Starting a nonprofit organization can be extremely rewarding as you work towards achieving a socially conscious mission that makes a positive contribution to society. By identifying and servicing critical needs, your motivation to do so will drive you to make your nonprofit organization a success, despite the tedious start-up process, the hard work, and the occasional setbacks.
To learn more about starting your own business, check out our How to Start a Business guide.
How much does it cost to start a nonprofit organization?
Filing fees for a nonprofit organization differ from state to state. They start from as little as $20 and can go upwards of $100 depending on your location. Filing fees for tax-exemptions range from $400 to $850.
How do nonprofit organization owners make money?

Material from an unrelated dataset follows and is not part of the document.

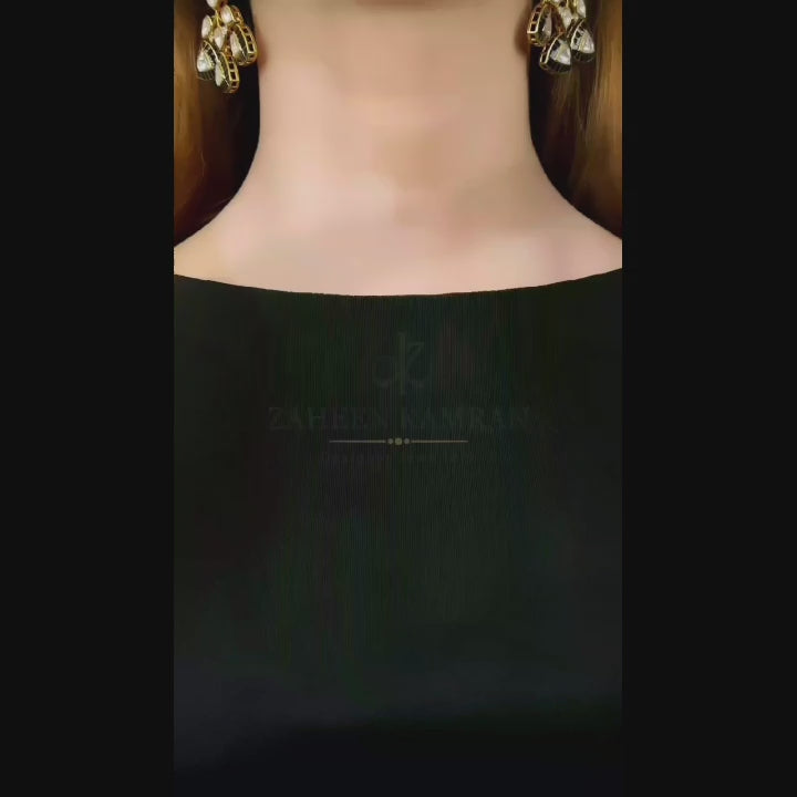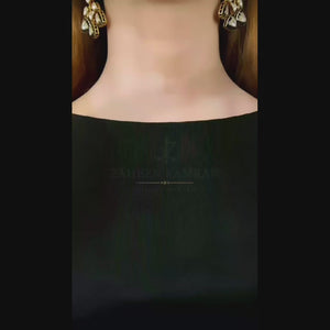 Handcrafted 22k gold plated necklace along with earrings adorned with sheesh and black meena.

Nonprofit organizations do not have owners but rather founders who are driven by a mission to address critical issues and/or needs in society. The founders of a NPO are not permitted to benefit from the net earnings of the organization.
Do nonprofit organizations have to file tax returns if they are tax-exempt?
Yes, even though tax-exempt nonprofit organizations do not contribute to federal and state taxes, they are required to file an informational return with the IRS by filing in an IRS Form 990.
How do nonprofit organizations treat profits?
Any funds that are surplus after the organization has paid their bills will be put back into the organization to further achieve its mission of funding projects and events aimed at improving the identified issues and/or needs in their society.
Can nonprofit organizations sell products or services?
Yes, nonprofit organizations can sell products or services to generate revenue. The funds that are raised will support the organizations operating costs, staff, and planned projects and events.
Which nonprofit categories are recognized by the IRS?
Charitable or religious organizations.
Social welfare organizations.
Labor and agricultural organizations.